- CNBC’s Jim Cramer on Monday discussed how a market rally can be sustainable, with investors paying up for stocks with tangible earnings success.
- “This market needs some new heroes to go higher — at least one, ideally more. Otherwise, we’re going to lapse into that pure multiple expansion thing, which makes the market get more risky than I’d like,” he said.
CNBC’s Jim Cramer on Monday opined on what is necessary to create a sustainable market rally, saying that the market needs companies with tangible reasons for gains.
“This market needs some new heroes to go higher — at least one, ideally more. Otherwise, we’re going to lapse into that pure multiple expansion thing, which makes the market get more risky than I’d like,” he said. “Doesn’t mean it can’t keep going up, but it does mean the rally from here would be a lot less sustainable, and, yes, a lot more dangerous.”

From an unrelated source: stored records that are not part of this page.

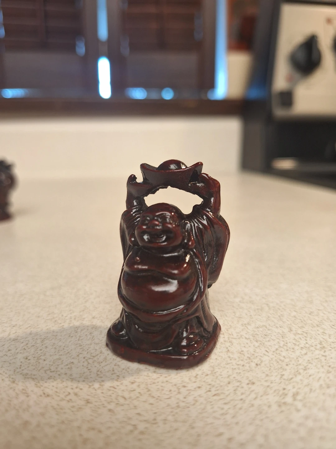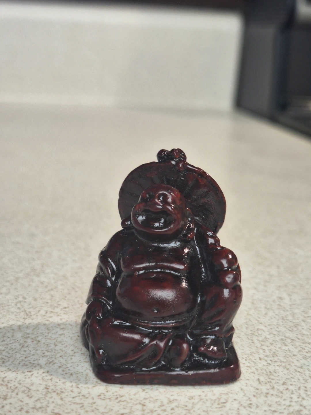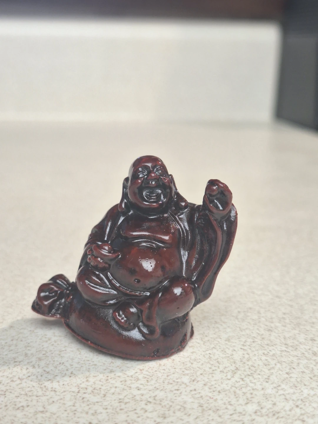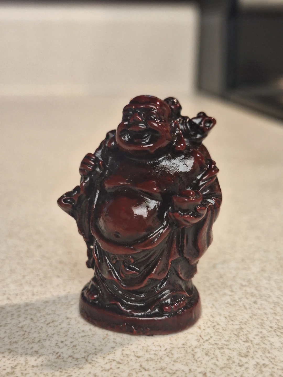 A set of 6 Lucky/Laughing Buddha. It's made of a dark, glossy resin. Laughing Buddha symbolizes joy and prosperity. It's good luck piece for a desk or store front or cash register.
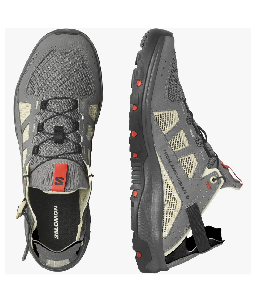 Fully committed to wet and wild exploits, TECHAMPHIBIAN 5’s reinforced toe cap and fully stitched construction will keep your feet protected while its sticky outsole ensures grip on slippery terrain. With a collapsible heel for versatility and ease of use, and quick drying, breathable materials on the upper.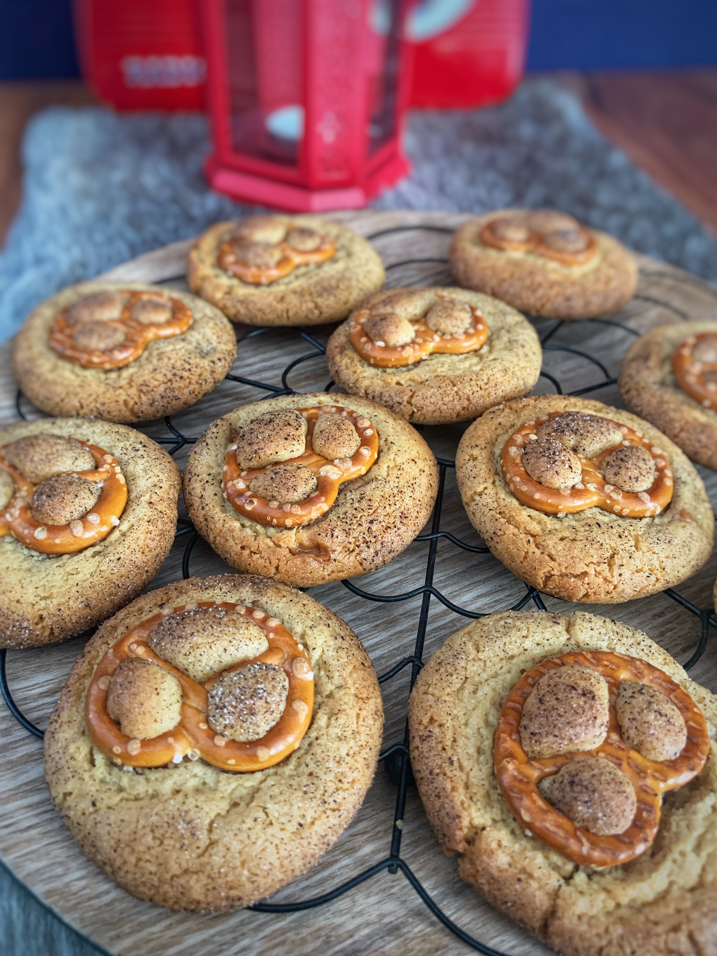 There’s all sorts of good going on in these cookies. Sugar-galore on the inside, rolled in vanilla sugar on the outside. Crunch from the pretzels with their kick of salt. Nutty browned butter and liquid smoke. Chewy caramel. I honestly can’t recommend these cookies highly enough. If you love that salty/sweet combination as much as I do, these will be a hit!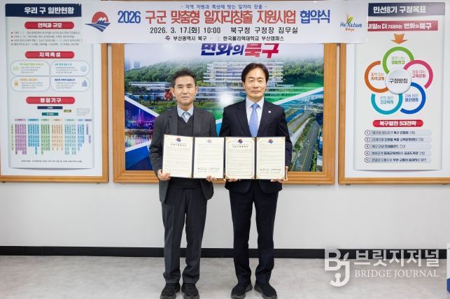브릿지저널 윤나영 기자 | 부산 북구는 부산시 주최 ‘2026년 구·군 맞춤형 일자리창출 공모사업’에 '홈 인테리어 시공전문가 양성사업'이 선정됨에 따라, 한국폴리텍Ⅶ대학 부산캠퍼스 산학협력처와 사업 추진을 위한 협약을 체결했다고 17일 밝혔다.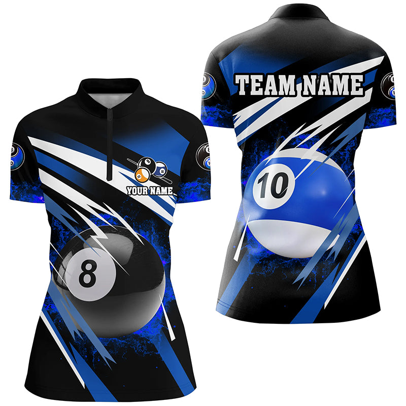 Billiard 8 Ball & 10 Ball Fire Women Polo & Quarter-Zip Shirt Custom Billiard Jersey Attire |Blue TDM1599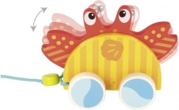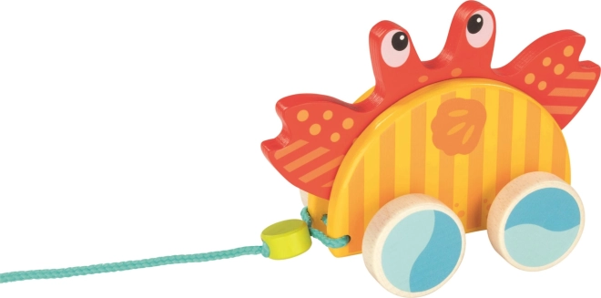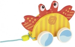 Dette farverige træklegetøj formet som en krabbe er lavet af kvalitets massivt træ, hvilket sikrer lang holdbarhed og sikkerhed for børn. Legetøjets hjul minder om havbølger, hvilket gør det til en legende og iøjnefaldende del af børneværelset.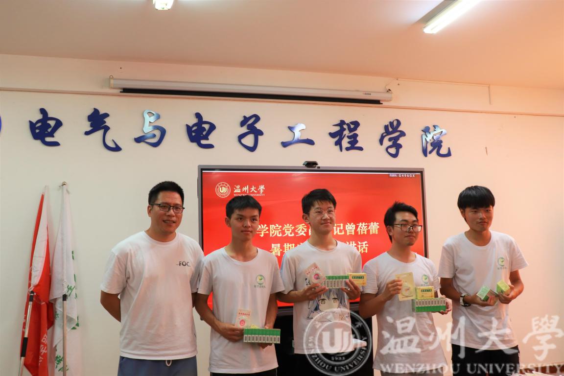 最后,学工办主任廖晓安老师向同学们补充介绍了一些中暑症状,并叮嘱同学们切勿靠近水域游泳。随后,由廖老师代表学院向同学们发放了一些藿香正气水、风油精、驱蚊手环等防暑、驱蚊用品,帮助同学们更好开展暑期社会实践工作。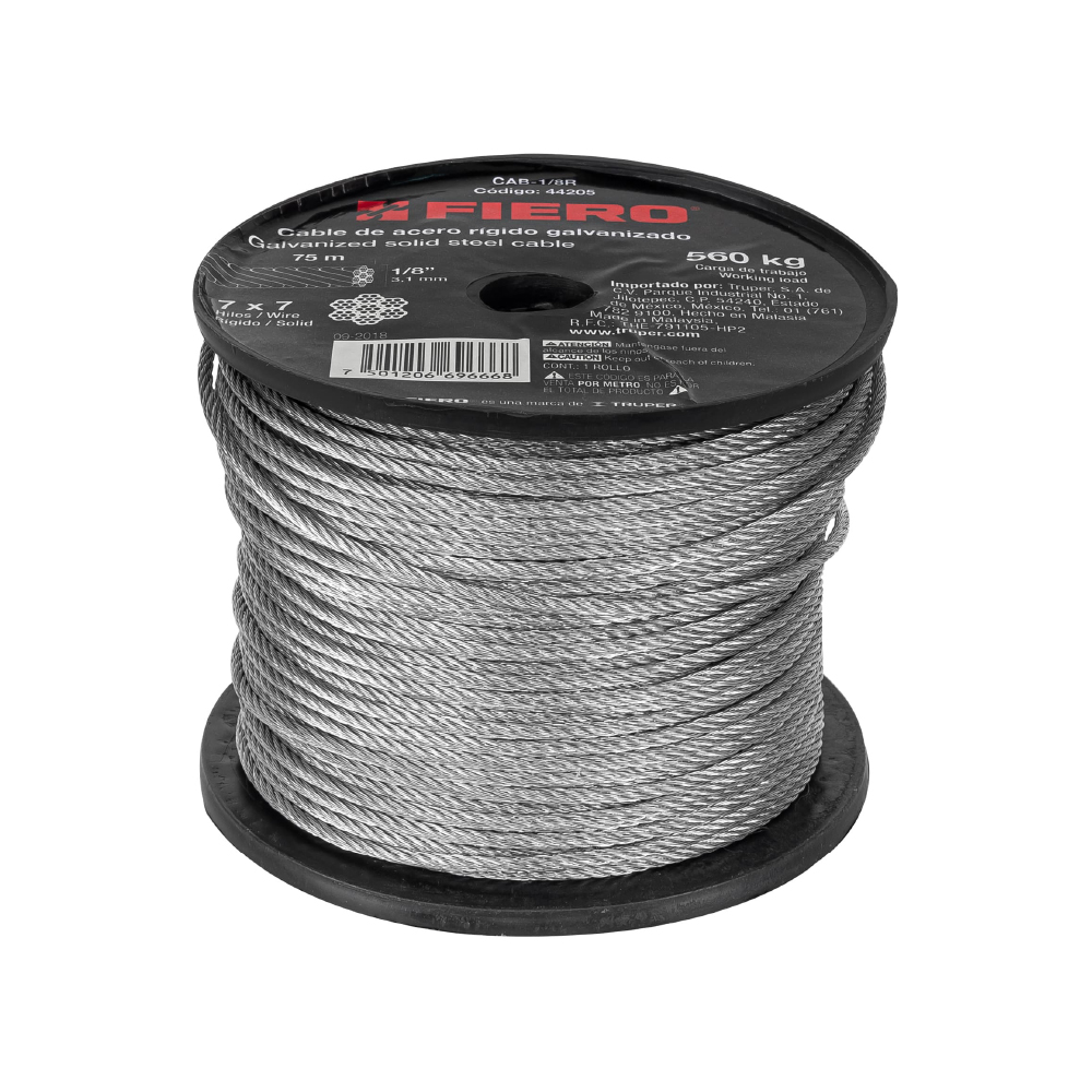 CABLE DE ACERO FIERO CAB-1/8R 7X7 HILOS 1/8 PULGADA 75 METROS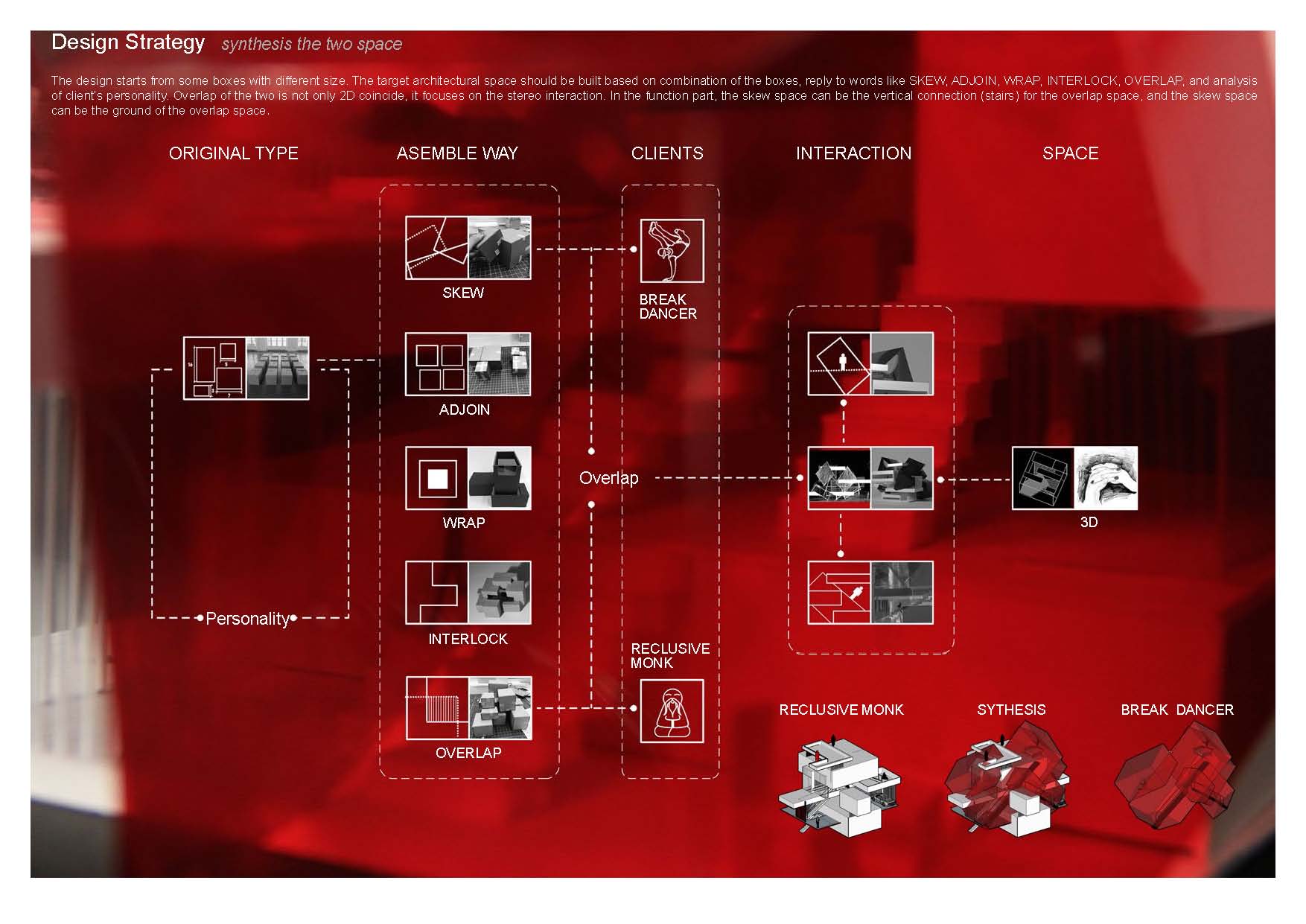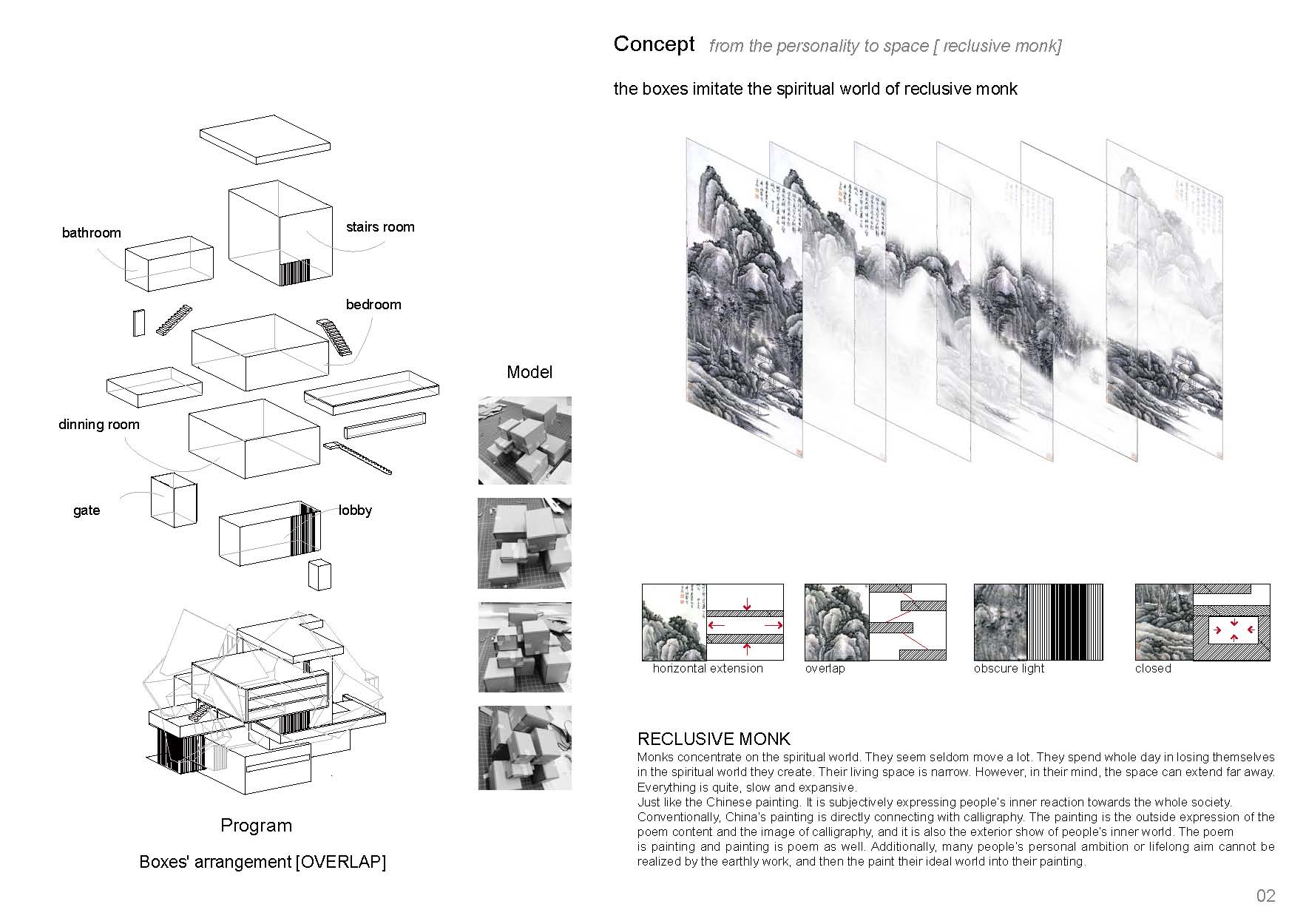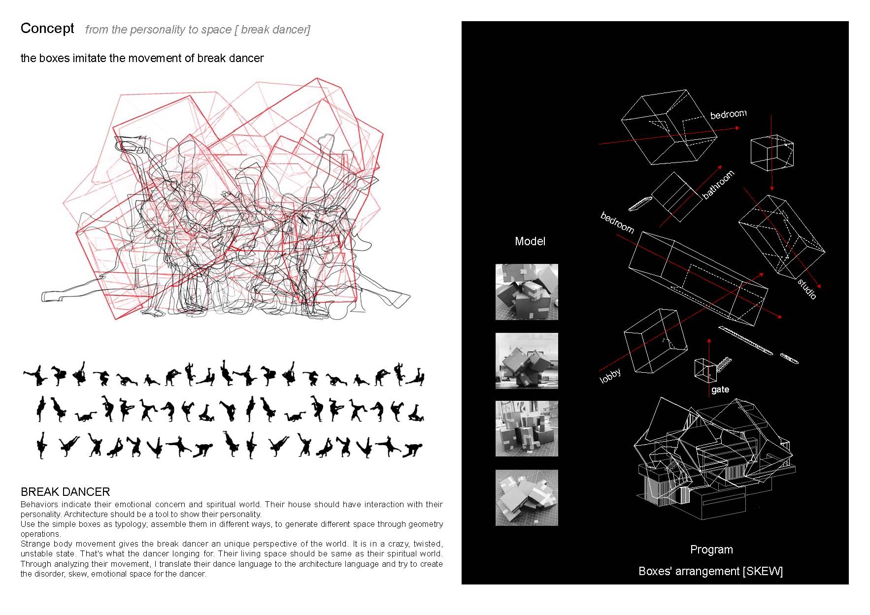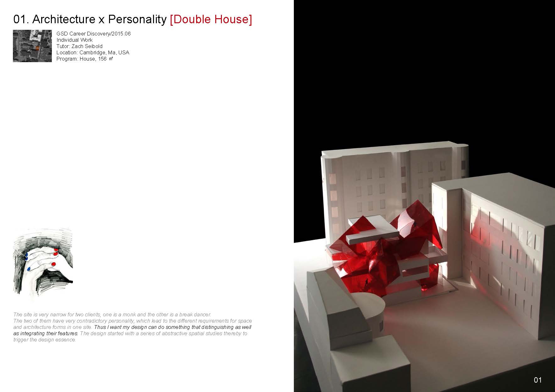 围绕学生原有作品,我们提出了“混杂”的概念,把抽象的空间和人的个性相结合。该作品一举获得美国顶尖名校建筑学专业硕士录取,包括Cornell, Columbia,Upenn, WUSTL等。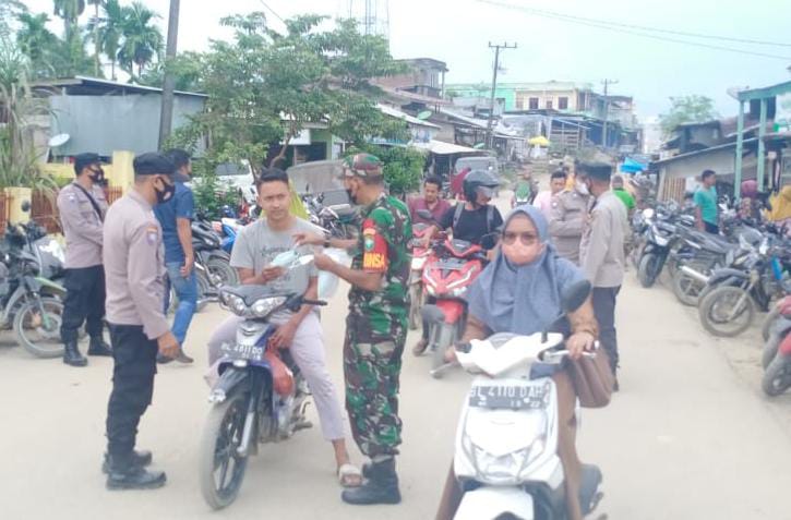 ACEH TIMUR, IndonesiaPos – Sebagai upaya meningkatkan kesadaran masyarakat pada kedisiplinan untuk mematuhi Protokol Kesehatan (Prokes) Covid-19. Babinsa Koramil 01 Peunaron, bersama Anggota Polsek Peunaron membagikan masker gratis kepada warga pengguna jalan yang melintas di Desa Peunaron, Kecamatan Peunaron, Kabupaten Aceh Timur, Senin (07/03/2022).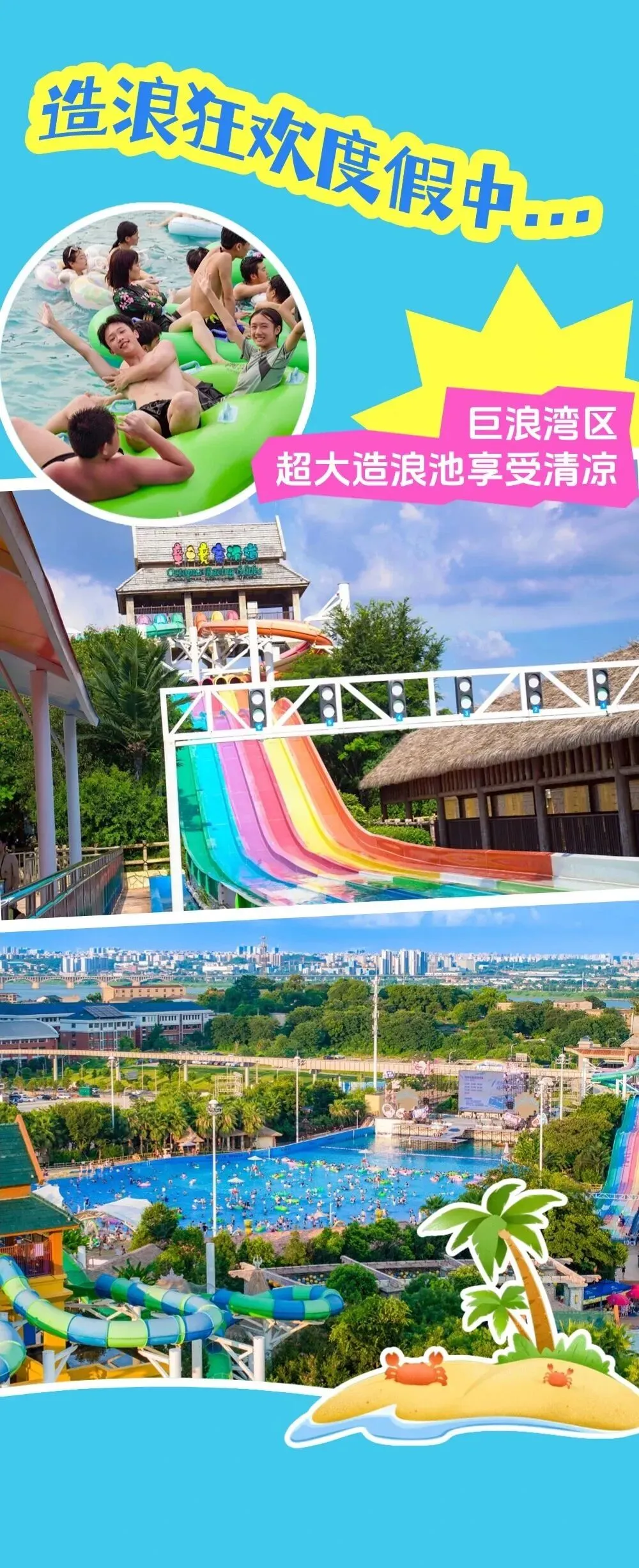 ✅阖家欢乐:广阔的造浪池能模拟海上浪潮,全家人都能在水中随波起舞;蜿蜒的漂流河则适合悠闲地躺着,看天光云影。

Cramer first pointed to tech stocks like Nvidia, with the semiconductor company priced much higher than expected this year due to its prominent role in generative artificial intelligence. Cramer said Nvidia’s stock has soared for two reasons: Investors are willing to pay more for the same earnings — known as multiple expansion — and because the company’s earnings turned out better than expected. But to him, the stock is soaring mostly for the latter reason.
“Why should we care? Because, ultimately, we don’t want to pay more and more for the same earnings, right?” Cramer asked. “When that happens, they get more expensive, and they get risky. We want stocks to turn out to be reasonably priced based on higher earnings because that kind of rally is sustainable.”
He then applied the same principle to Microsoft, saying the company’s use of generative AI has also made it popular on Wall Street. He said last year that few investors knew that generative AI would lead to such huge increases in earnings. Cramer added that Microsoft’s gains are based on tangible potential and higher earnings, not just “love” for the company that would lead to fleeting stock success.
“Those are big chunks for the market. They got us to here. If we’re gonna go further, another group will need to turn out to be too cheap,” Cramer said. “There has to be a better earnings story out here that we just do not know yet.”